わたしみたいに、末期癌で死にかけを実感してこっちに落ちたのではないだけに、今更日本で死にかけたショックと、もう日本に戻れない思いに、勇者として持ち上げられる生活に疑問を抱いただろう。
まだたった15歳の子どもなんだものね。
北の公爵当主には、日本は大学卒業する22歳ぐらいまでは子ども扱いなので、勇者だからといって、ワイバーン討伐とかまだ早い。ホームシックなら、元の環境に近い学校にでも入れて友達を作ってもらえるようにすれば元気が出てくると思う。
もう少し子ども扱いしてあげてください。そうじゃないと心が死んでしまう。少し甘やかしてあげて欲しいと頼んでおいた。
王都の王国立のお貴族様学校があるらしいので、寮にでもいれて、しばらく自由に過ごしてもらうことにするっていうので落ち着いた。
こっちの世界美少女も多い。優しい人も良い人も多いからすぐに青春を思い出してくれると良いな。
パソコンの方は、今回優秀な人をたくさん連れて来られたから、ひととおり教えてみた。やはり通販サイトで購入して、謎空間から物が出てくるのは皆さん驚かれる。わたしも何度見ても不思議だ。
そうそう、勇者君のスマホはインターネット繋がっていなかったようだ。充電した後「ネットはやっぱり使えないのか・・。

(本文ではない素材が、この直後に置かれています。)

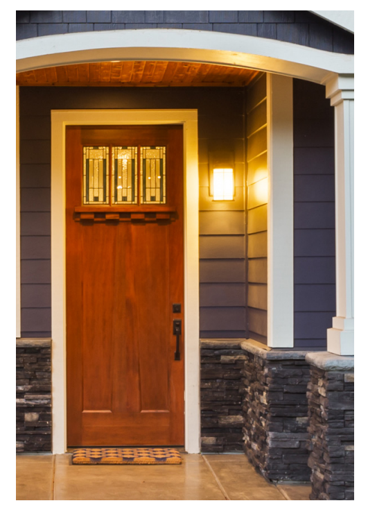
Suitable for home, street lamp, patio, porch, front door

」って落ち込んでいたと聞いた。
どうやら、わたしが複製したパソコンやスマホだけがインターネットに繋がりそうだ。規制が出来て良いかもしれないな。
あ、勇者君のスマホがわたしのスキルでもし繋がったら日本の家族や友達と繋がることは出来るんだろうか?わたしは日本に連絡を取りたい人がいなかったので、今の今までその可能性を忘れていたけど、どうだろう?
気になったので試してみたところ、パソコンから買ってみた自分の機種と違うスマホはインターネットが使えなかった。やっぱり本体とわたしが複製したものだけが、スキルインターネットの恩恵を受けるみたいだ。勇者君自分のスマホを手放せないのであればインターネットは使えないねという感じだ。勇者君スマホに既にインストールされていてWi-Fiに使わないゲームは使えるらしい。家族との写真があればそれでいいのかもしれないけどね。
北からそんな便利なものならばパソコンもスマホも後3台ぐらい欲しいと要求された。勇者君とパソコンに対して目途がたったのか、しおしおの状態から偉そうな感じに変化してきた。
しおしおだった時はまだ可愛げあったのに。弱みを見せたらダメなのか、上に立つ人は大変だ。勇者君の件もあるし、ソーラー充電器は多めに渡しておいた。勇者君は少年だったから、自分のスマホさえ動けば、ノートパソコンには興味を示さないだろう。